SCOTUS: Church Affiliated Benefit Plans Remain Exempt from ERISA

The U.S. Supreme Court ruled last week that the long-held Church Exemption to the Employee Retirement Income Security Act (ERISA) did apply to benefit plans run by employers who are closely affiliated with churches. Both governmental plans and church plans have been exempt from ERISA since its inception in 1974. Advocate Health Care Network v. Stapleton (U.S. 2017).

The case combined three federal court of appeals decisions that would have removed the exemption from plans run by church affiliated hospitals. Justice Kagan wrote the opinion in this 8-0 decision. Justice Kagan noted that while church plans were originally exempt from ERISA, a 1980 amendment passed by Congress was designed to remove the distinction between benefit plans run by the actual church and those run by church-affiliated organizations whose principal purpose was to accomplish the church’s mission. She referred to this as the “principal purpose” amendment, and the justices agreed the hospitals had the stronger argument.

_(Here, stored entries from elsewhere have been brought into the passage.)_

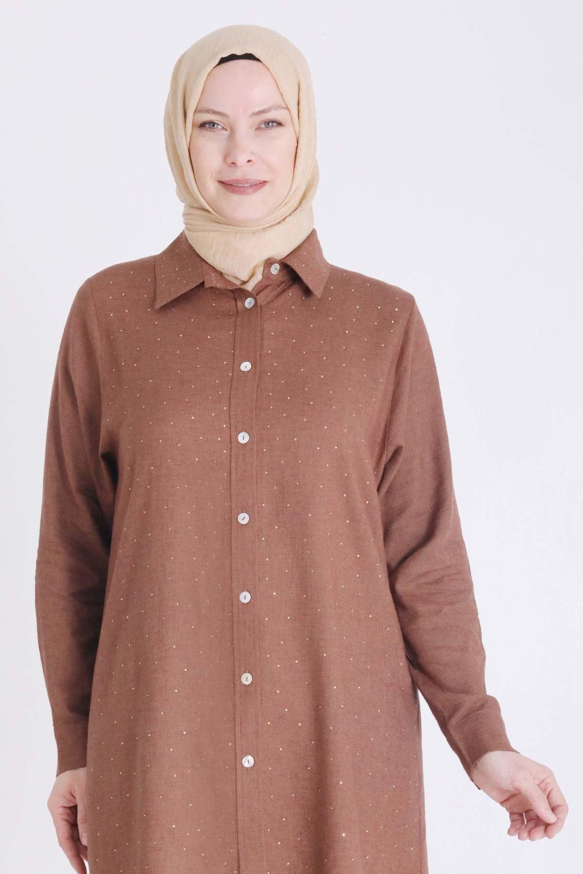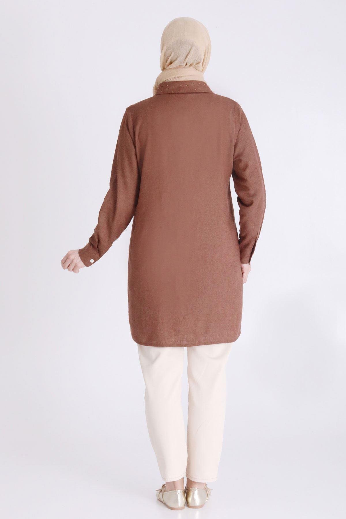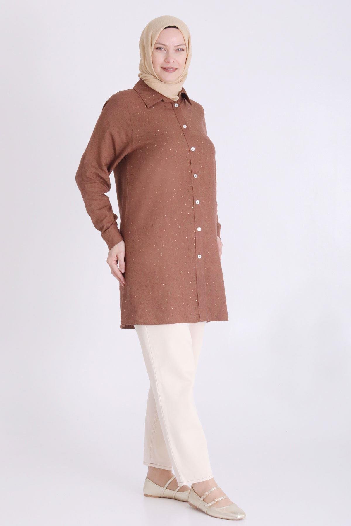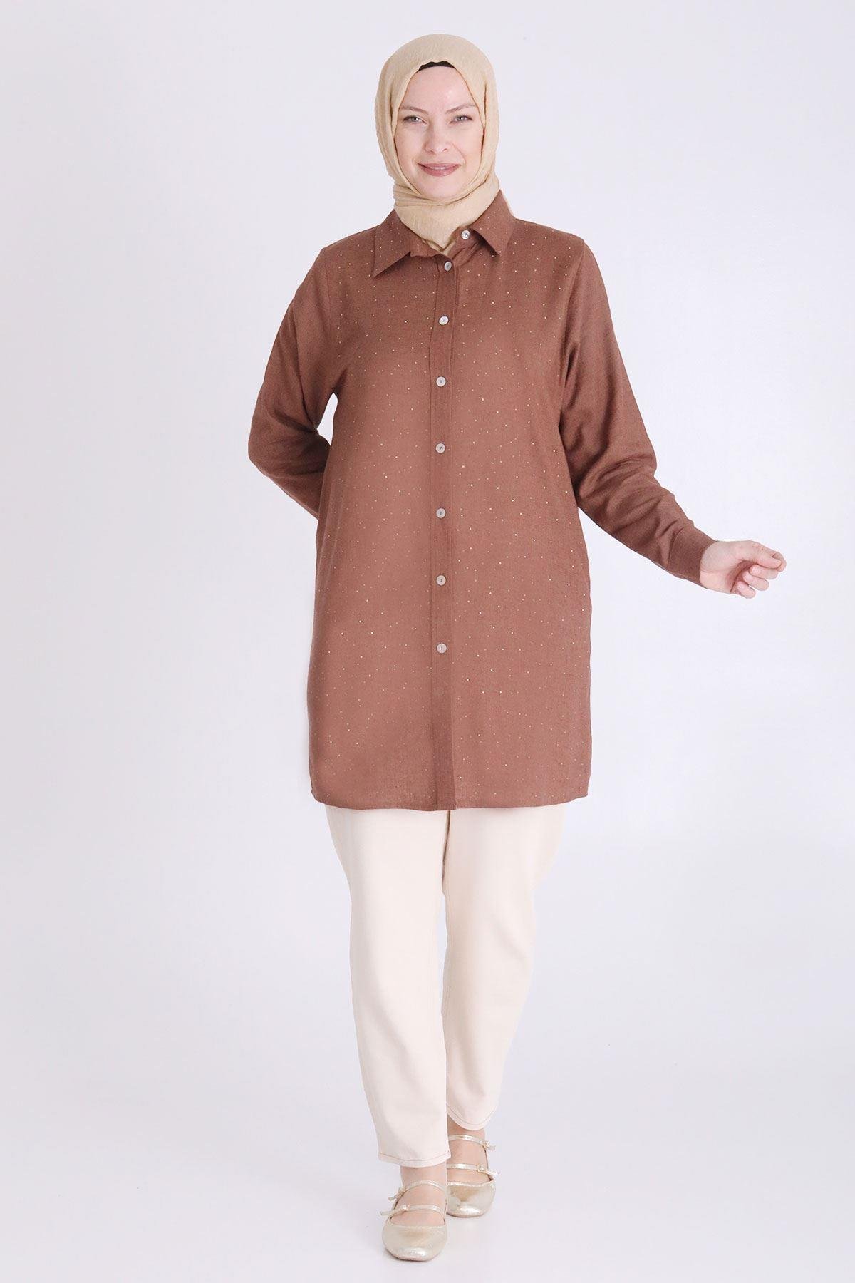 Ürün Detayları: Yakalı modelimiz önden sedef düğmeli ve kol ucu manşetlidir. Önü taş baskı detay ile hareketlendirilmiştir.
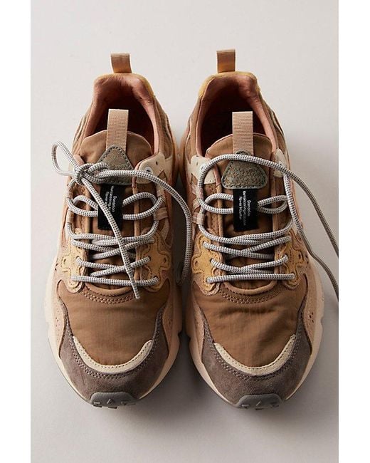 Layers of eye-catching, high-quality materials intertwine to form these ready-for-anything trainers from Flower Mountain, featuring their signature detailing and design elements that keep any and every adventure top of mind. **Features:** Low-boot construction, ripstop fabric upper, technical nylon on the toe, multicolour suede inserts, flower-shaped perforations, reinforcements in the eyelets, trekking laces, EVA sole, contoured edge, indented tread, anti-bacterial treatment **Why We ❤ It:** Th Colour: brown
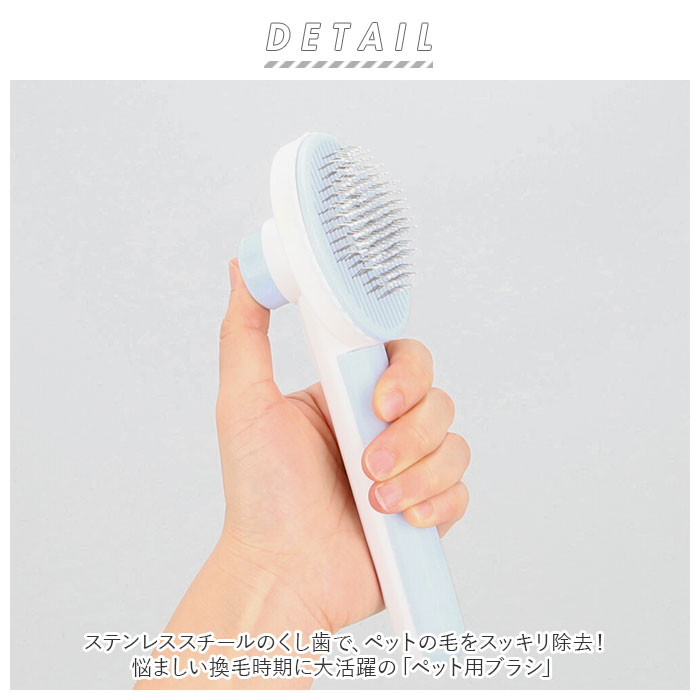 | 商品説明 | ステンレススチールのくし歯で、ペットの毛をスッキリ除去!悩ましい換毛時期に大活躍の「ペット用ブラシ」ヘッド部背面のボタンを押すと台座が浮き上がり、くし歯に付いたペットの毛をワンプッシュ除去!あとは毛玉をポンッとくずかごに捨てるだけ!くし歯の中央が適度に傾斜しているため、長毛種のネコちゃんの絡まった体毛もスムーズにキャッチ。くし歯の先には丸く加工された先玉付き。ペットの肌を傷つけることなく、やさしく手軽にブラッシング。抜け毛を取り除くだけではなく、ワンちゃんやネコちゃんの毛づやをよくするためのマッサージ用にも最適♪日頃のブラッシングケアでフロアに落ちる抜け毛が軽減し、お掃除がとっても楽ちん。ペットも飼い主さんも毎日笑顔に♪毎日のこまめなブラッシングで、大切なペットとスキンシップを図りたい飼い主さんにオススメ。 |
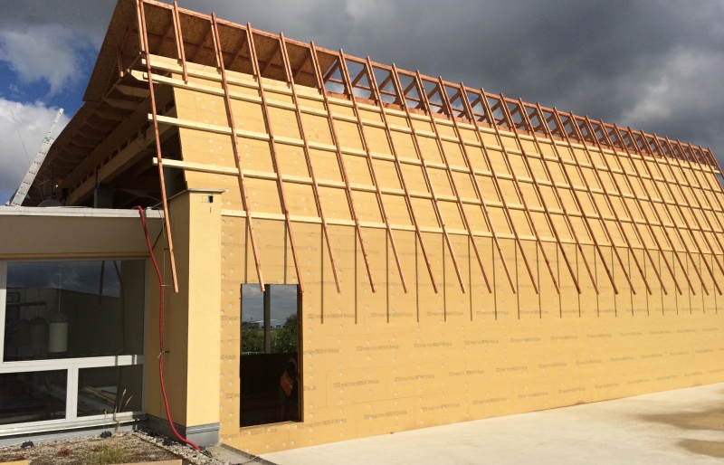 Střešní plášť je odvětrávaný a bude následně ozeleněn.
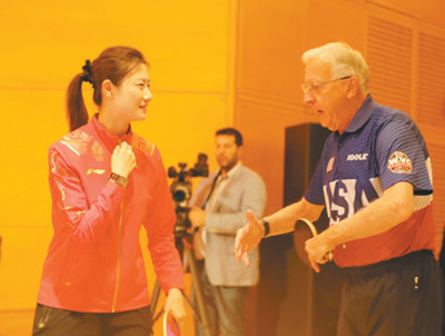 美国乒乓球名宿戴尔·斯威里斯与中国乒乓球名将丁宁在交流球技。 |
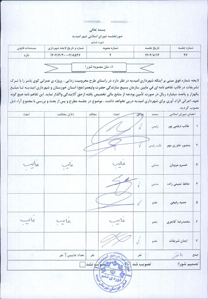 مصوبه شماره ۲ جلسه شماره ۹۷ شورای اسلامی شهر امیدیه
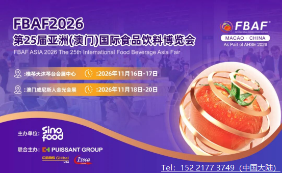 2026亚洲国际食品饮料博览会(澳门) 举办日期:2026年11月18日至20日 举办展馆:澳门·威尼斯人金光会展 举办城市:澳门 举办周期:一年一届 举办次数:第二十五届 展出面积:60,000 平方米 预计参展企业及品牌:1,000+ 个 预计专业观众:20,000+ 人次 国家及地区:30+ 个 组织机构:中食时代(...
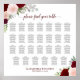 Ce beau tableau de 27 places mariage présente un design boho chic rustique et floral avec des roses aquarelles peints à la main dans les tons bordeaux, rouge et rose roux, ainsi que des sprigs d'eucalyptus feuilles et jardin verdoyant. L'aménagement traditionnel dispose de places assises pour 270 personnes avec 10 places par table, et un titre de calligraphie en dentelle "s'il vous plaît trouver votre table". Il y a un espace pour les noms du couple et la date du mariage en bas. Excellente façon d'ajouter beauté et style à votre réception de mariage tout en facilitant pour vos invités à trouver leurs sièges.
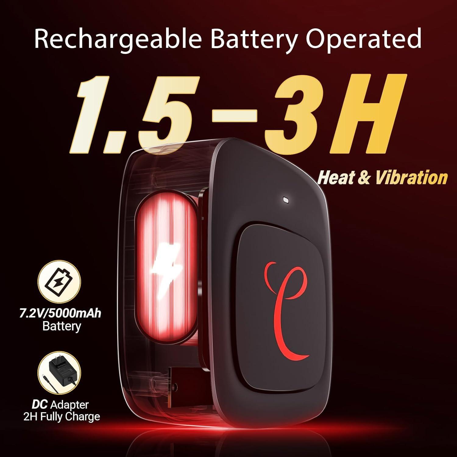 باتری قابل شارژ: این پد گرمایش بیسیم که با یک باتری 7.2 ولت 5000 میلیآمپر ساعتی کار میکند، تا 3 ساعت گرمای آرامشبخش (حدود 1.5 ساعت در حالت پرقدرت با گرما و ماساژ) فراهم میکند. طراحی آن به گونهای است که انرژی را به طور کارآمدی مانند یک باتری 3.7 ولت 10000
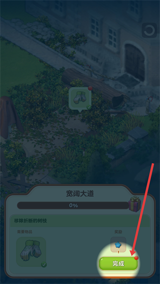 4、在寬闊大道場景,玩家可完成移除折斷樹枝的任務,完成后可獲得升級星星獎勵。
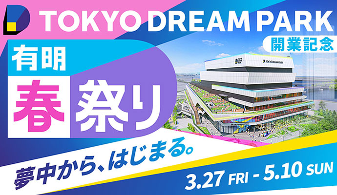 『有明春祭り』は、「TOKYO DREAM PARK」の開業日である3月27日 (金) から5月10日 (日) までの期間で開催します。施設内を中心に、近隣施設「TOYOTA ARENA TOKYO」やシンボルプロムナード公園など、有明エリアを舞台に展開。

For now, this decision is welcome news to many church plans run by religious-affiliated schools, hospitals, soup kitchens, and homeless shelters whose principal purpose is to serve the mission of their church. This case has been closely watched due to the many lower court class action lawsuits that are seeking millions of dollars in retroactive liability from these organizations for non-compliance with ERISA.

In time, much will be written about this decision and future implications. For now, church plans run by their principal purposed organizations, along with government run benefit plans, will remain outside of ERISA-mandated hassles and protections.